The only group in the country that lacks workplace rights is employers. We are the marginalized and the unprotected, living in fear of making any personnel decisions because they might result in expensive lawsuits. Employers, I feel your pain, and present the Employer Bill of Rights:

  1. The Right to Hire on Qualifications: We want to be able to hire a white male under the age of 40 without fear of a lawsuit from every protected class we did not hire.
  2. The Right to Fire on Performance: We also want the right to fire without the fear of an expensive lawsuit when you fail to perform. Every performance review is not an attempt to push you out the door. Believe it or not, every employee we hire represents an investment by us. We want that investment to bear a substantial return. Criticism is meant be a constructive attempt to help you improve, not a destructive set-up for you to fail.
  3. The Right to Control Operations: We know how many people we need to employ, how many shifts we need to run, and how many facilities we need to operate. Most importantly, we know what can afford to remain profitable. If we have to shutter or relocate a plant, lay people off, or furlough hours, it’s not because we are discriminating against you; it’s because it’s necessary for us to remain open and able to employ anyone at all.
  4. The Right for You to Follow Our Work Rules: We do not distribute handbooks and other policies because we like destroying trees.

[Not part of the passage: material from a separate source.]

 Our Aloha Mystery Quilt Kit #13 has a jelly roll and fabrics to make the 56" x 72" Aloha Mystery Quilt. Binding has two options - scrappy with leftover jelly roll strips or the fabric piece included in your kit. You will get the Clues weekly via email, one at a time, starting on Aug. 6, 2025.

We do so because we think every relationship needs to be guided by a set of expectations under which each side is supposed to operate. All we ask is that you live up to your end of the bargain and accept the consequences if you don’t.
  5. The Right to Be Told When There Is a Problem: We cannot fix workplace problems if the first we hear about them is when a lawsuit is served. Help us help you by letting us know if you think you’re being discriminated against, retaliated against, paid incorrectly, or otherwise being treated unfairly. If you’re right, we’ll fix it. Right or wrong, we won’t hold it against you.

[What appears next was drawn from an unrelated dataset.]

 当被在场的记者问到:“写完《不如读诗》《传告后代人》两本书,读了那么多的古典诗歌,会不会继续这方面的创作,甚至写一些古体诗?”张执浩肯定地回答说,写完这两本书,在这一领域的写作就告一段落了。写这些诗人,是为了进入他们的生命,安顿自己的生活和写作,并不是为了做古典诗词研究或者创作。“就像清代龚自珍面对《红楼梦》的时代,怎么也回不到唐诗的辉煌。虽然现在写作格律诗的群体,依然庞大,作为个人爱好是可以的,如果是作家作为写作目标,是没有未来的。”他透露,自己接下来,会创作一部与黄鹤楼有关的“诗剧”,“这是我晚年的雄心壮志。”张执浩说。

  6. The Right to Receive an Honest Day’s Work: When you are at work, we ask that you reasonably dedicate yourself to the tasks at hand. It’s only fair; after all, we are paying you for your services.

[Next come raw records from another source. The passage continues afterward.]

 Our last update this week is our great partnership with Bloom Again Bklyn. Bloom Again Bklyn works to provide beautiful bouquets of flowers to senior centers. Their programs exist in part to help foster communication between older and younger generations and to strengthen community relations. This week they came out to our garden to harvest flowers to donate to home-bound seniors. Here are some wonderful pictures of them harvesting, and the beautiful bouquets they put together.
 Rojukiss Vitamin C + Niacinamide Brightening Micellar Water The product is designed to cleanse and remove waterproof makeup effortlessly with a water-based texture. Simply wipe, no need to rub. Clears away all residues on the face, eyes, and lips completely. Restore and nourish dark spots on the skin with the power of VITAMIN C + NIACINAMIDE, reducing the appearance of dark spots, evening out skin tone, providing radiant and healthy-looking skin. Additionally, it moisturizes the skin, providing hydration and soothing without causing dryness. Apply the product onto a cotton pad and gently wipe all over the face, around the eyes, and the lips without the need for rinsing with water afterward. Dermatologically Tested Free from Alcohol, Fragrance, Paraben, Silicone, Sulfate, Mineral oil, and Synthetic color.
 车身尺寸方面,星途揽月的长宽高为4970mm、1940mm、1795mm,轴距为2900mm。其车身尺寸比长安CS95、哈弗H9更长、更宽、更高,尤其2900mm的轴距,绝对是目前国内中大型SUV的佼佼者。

  7. The Right to Have Our Say Before You Form a Union: We recognize your right as employees to form a union if that’s the collective choice of your majority. Just hear us out and let us have our say on why it’s not all it’s cracked up to be and may not be in your best interest.
  8. The Right to Reasonable Notice: We understand that certain laws (the ADA and the FMLA, for example) provide employees rights to certain accommodations, which we follow. In return, we merely ask that when possible, you not wait until the last minute to request an accommodation or a leave of absence. It wreaks havoc with our scheduling and operations.
  9. The Right to Be Treated With Respect: Businesses need respect too. We expect that you will demonstrate that respect to us and your fellow employees by showing up on time, not passing off to others that which you can (and should) do yourself, not waiting until the last minute to schedule your vacation, and generally treating others as you would want to be treated.
  10. The Right to Confidentiality: We expect you will not share internal workplace issues with the outside world, whether they are our trade secrets or other proprietary information, or the day-to-day goings-on inside our company.